The sheep arriving in the fell bottoms would huddle in groups behind the large car sized or larger boulders and behind the drystone walls on the leeward side and hole up here until the storm was over. The snow would blow off the steep fell sides and down into the valley bottoms and form into deep drifts, walls and boulders would be covered, buildings would have snowdrifts to the eaves and the sheep would be more often than not, buried. The heat from the huddled sheep would start to melt the snow and soon an air hole would form tinged with yellow from the hot fetid breath and body heat of the sheep. In times of severe snow storms and especially at early Spring lambing time the farmers and shepherds would use these yellow tinged markers to locate buried sheep and new born lambs. And the sheepdogs knew where to sniff too!
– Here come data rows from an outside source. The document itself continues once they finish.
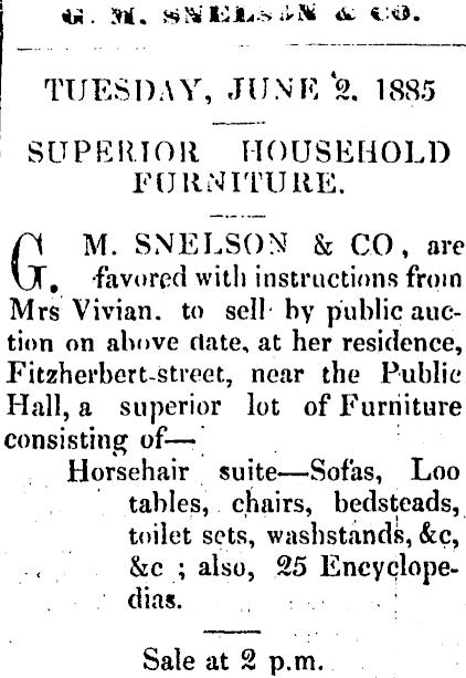 TUESDAY, JUNF/2. 1885 SUPERIOR HOUSEHOLD F URN ITU RE. GM. SNELSON & CO, are , favored with instructions from Mrs Vivian, to sell- by public auction on above date, at her residence, Fitzherbert-street, near the Public Hall, a superior lot of Furniture consisting of — ■ Horsehair suite — Sofas, Loo tables, chairs, bedsteads, toilet sets, washstands, &c, &c ; also, 25 Encyclopedias. — . : Sale at 2 p.m.
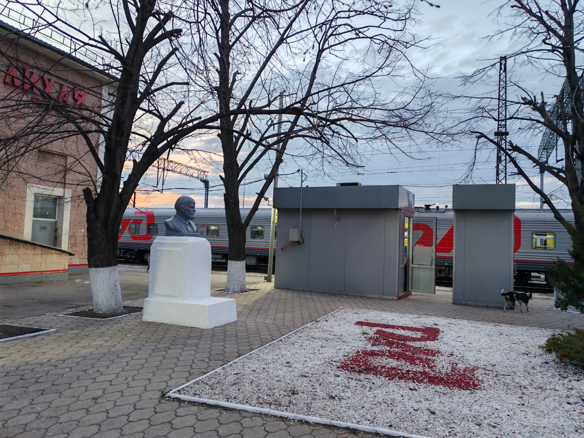 Один из наших новых Ильичей был нам и встречен на станции Лихая, где мы были во время возвращения из весеннего отпуска из Сочи (меньше месяца назад, писала здесь). Установлен он рядом со зданием вокзала.
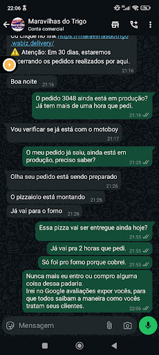 Read morePéssima experiência! Motoboy liga dando comandos para não ter que esperar na triagem do condomínio, desci antecipadamente por empatia e fiquei esperando mais de 30 minutos, ele ainda chegou dizendo que a culpa era da triagem do condomínio sendo que a portaria estava VAZIA! Pedimos a pizza de rúcula 2, com tomate seco e queijo de búfala, era qualquer tipo de queijo velho, menos de búfala. A outra pizza que era meia frango com catupiry e meia chocolate com morango, virou toda de chocolate, pois o chocolate veio esparramado e se não bastasse isso, fizeram com todas as bordas de chocolate. Sendo que especifiquei e paguei a mais para ter a borda de catupiry do lado salgado e a de chocolate do lado doce. Primeira e última vez, não se compara com a pizza da antiga empório Almeida....
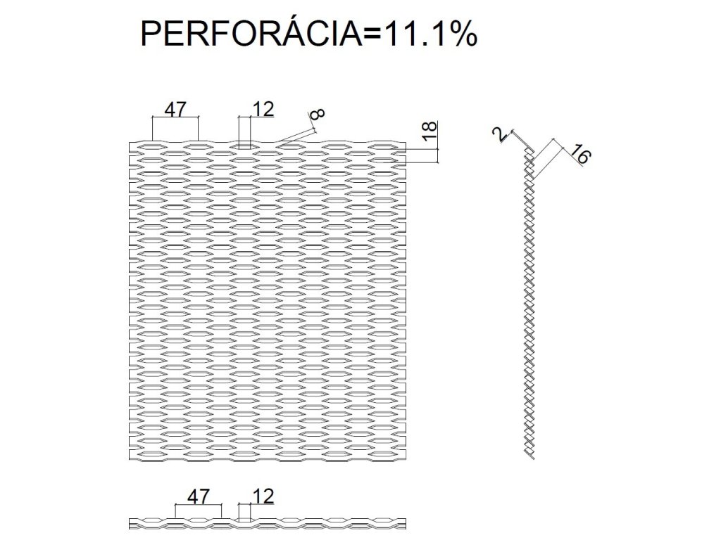 Ťahokov Al, kosoštvorcové oko: 47x18mm, mostík: 8mm (1000x1500x2mm), orientácia oka: rozmer oka 47mm je rovnobežná s rozmerom tabule 1000mmDodatočné parametre
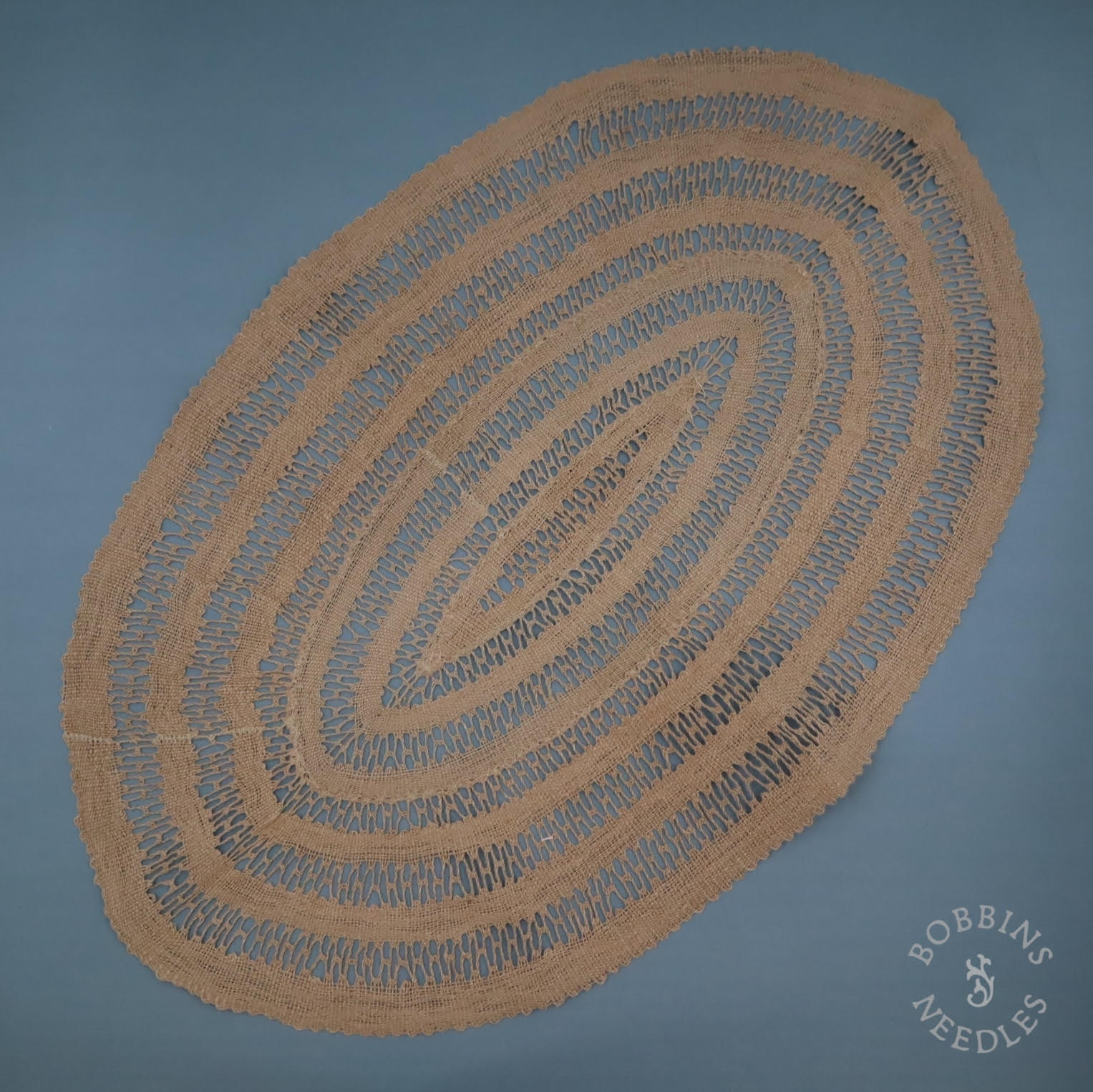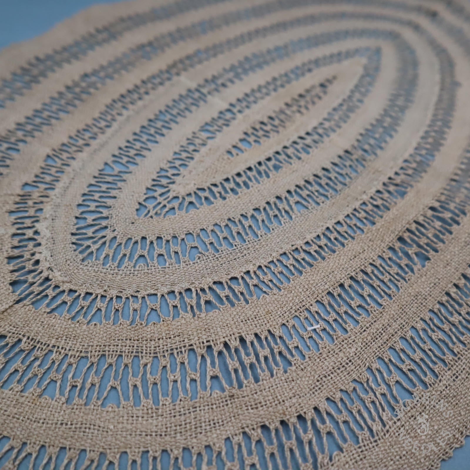 Early 20th century, vintage, French doily; handmade of natural linen; lovely centerpiece and heirloom; 44cm x 29cm / 17.5 inches x 11.5 inches
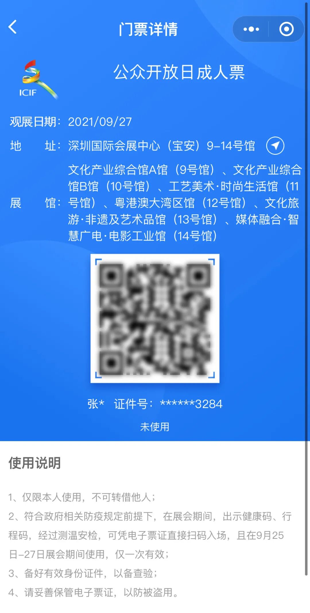 3.符合政府相关防疫规定前提下,在展会期间,出示健康码、行程码、持48小时内新冠病毒核酸阴性证明,经过测温安检,可凭电子票证直接扫码入场,且在9月25日-27日展会期间使用,仅一次有效;

The Herdwick's knew when the storm was over and after patiently waiting would start to trample the snow in the hole until a pathway was trampled to the surface. They would move out onto the fell side blown almost free of snow and nuzzle the remaining snow aside to reach the vegetation below.

During the late spring was the time for shearing. The local farmers would band together with their dogs and herd the sheep down off the fell tops and the fell sides down into the bottom. The dogs would be black dots bounding up the fell sides searching in all the nooks and crannies of the crags for reluctant stragglers. The newly shorn sheep were marked with each farmers tar marking and the unmarked part grown lambs of the present season were identified by their staying in close proximity of the mother and then branded with the mother's mark.

The newly shorn animals would wend their way back up as white coloured dots against the dull grey-green fell side cropping as they went, no doubt to their favourite feeding sites.

In the year 2002 foot and mouth disease hit Cumbria badly and many animals were slaughtered, also any other stock within a designated radius of the infected stock. There was great fear held for this ancient breed of sheep as farms bordering the Lake District fell areas became infected.

Fortunately the Herdwick sheep flocks were spared.